В 1915-м году Германа Хассе вместе с группой германских поданных, принадлежавших к тайному обществу «Дейчес Флоттен-Феррейн», ведущего разведку в пользу Германии, сослали в Вологду, а позже – в Вятскую губернию, а еще позже, в 19-м году, он оказался в немецком городе Алленштейне в этапном пункте вместе с солдатами, обезумевшими после тяжелых боев под Верденом, с солдатами из Месопотамии, сражавшимися бок о бок с турками, с солдатами, защищавшими империю Франца-Иосифа от итальянских стрелков в Альпах, с солдатами из России в грязных казармах с постоянно меняющимися обитателями, некогда бывшими элегантными кавалеристами, бойцами тяжелой артиллерии, пехотинцами и матросами, превратившимися в голодное измученное стадо… Немца спасло знание русского языка: он прибился к радиостанции, стал переводить перехваченные радиосводки и другие радиосообщения полевого штаба РВСР. За эту работу его прикрепили к столовой, где питались кадровики.
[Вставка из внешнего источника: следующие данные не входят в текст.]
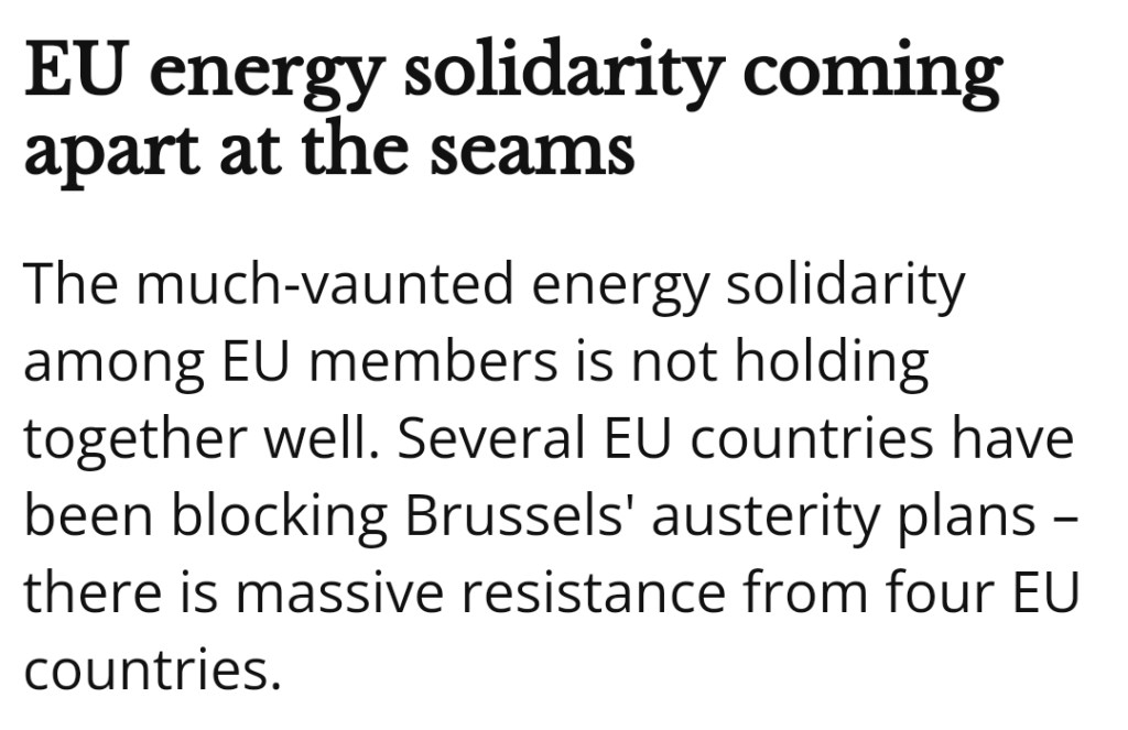 6 reaktioner till “Splittring i EU efter krav på solidaritet i energifrågan
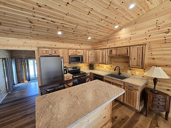 70' HOUGHTON LAKE CANAL FRONTAGE - BRAND NEW CONSTRUCTION! This gorgeous home has lake views and canal frontage, without lakefront taxes! It features double pane insulated JeldWen windows, a new 110' well, insulated toilets, and was built to enjoy lake views! Floor-to-ceiling white pine tongue & groove compliments the kitchen's hickory cabinets and GE black stainless appliances. 2x6 walls and blown-in insulation, and a very dry and well-lit custom crawl space. All furniture and appliances are included. The new driveway has a 10x12 pad, ready for a shed. A fishing pontoon and 2 jet skis are available for separate purchase. A sandy beach boat well provides easy in/out for kayaks and rowboats. PLEASE NOTE: Lake Township does NOT allow short term rentals.

Немного отъевшись, немец решил во что бы то ни стало вырваться из Алленштейна, потому что прослышал о том, что скоро в этом районе пройдет плебисцит по вопросу принадлежности этого города, из-за которого Польша ввязалась в спор с Германией, и пешком отправился на родину, в Лейпциг. В эти годы, с 1915-го по 1920-й, он привык к толчкам времени в своей крови, к тому, что оно меняет свой бег в зависимости от той или иной пищи, потребляемой им, или отсутствия таковой. То оно разливается во всю ширь, то возвращается в привычное русло, то делается непроходимым, как польские болота, через которые он пробирался в Лейпциг. Он понял, что когда время растягивается, в нем даже вещи утрачивают свое назначение.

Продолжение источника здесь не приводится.